Selbstverständlich haben wir alle ein gottgegebenes Anrecht auf das allerbeste!
Das steht ausser Frage , denn die Werbung aller Branchen hat dafür gesorgt, dass dies auch jeder glaubt.

Wir selbst sind ja ebenfalls die besten !
Die nettesten Auswanderer, die beliebtesten Touristen, die größten Obamafans und selbstverständich die besten Jäger, mit dem allerbesten Jagdsystem seit Skadi die Hatz aufgegeben hat.

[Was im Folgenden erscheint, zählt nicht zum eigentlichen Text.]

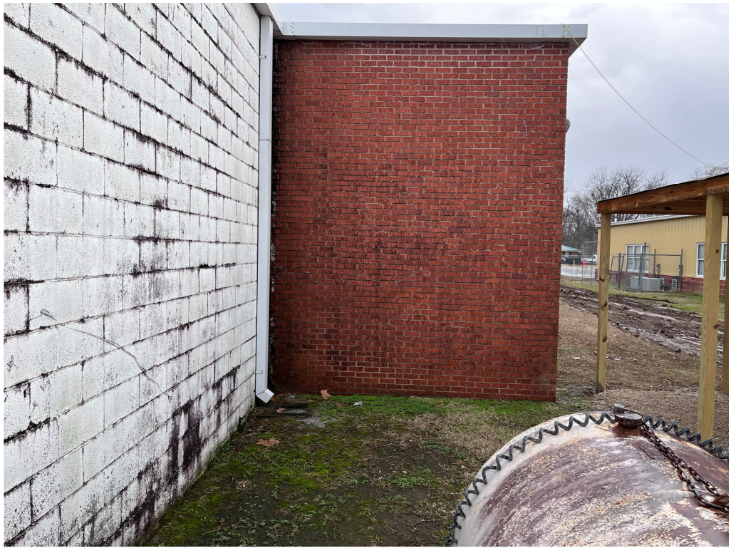
Figure 15 – Previous storage to be demolished and now to be kept on the left here

Nun ist das allerdings so eine Sache, wenn’s Superlative hagelt.
Zumindest bei Flinten.
Oben auf dem Berg der flintentechnischen Erkenntnis ,wird’s eng und die Luft dünn, weil dort, ganz nahe bei den Flintengötter, gelten andere Maßstäbe als unten im Tal bei den Sterblichen.
Zumal wenn den Göttern und ihrenn Besuchern , die Sicht genommen wird , durch den frevlerischen Nebel des Marketingteufels, der seit weit über hundert Jahren die Sinne aller kräftig durcheinander bringt.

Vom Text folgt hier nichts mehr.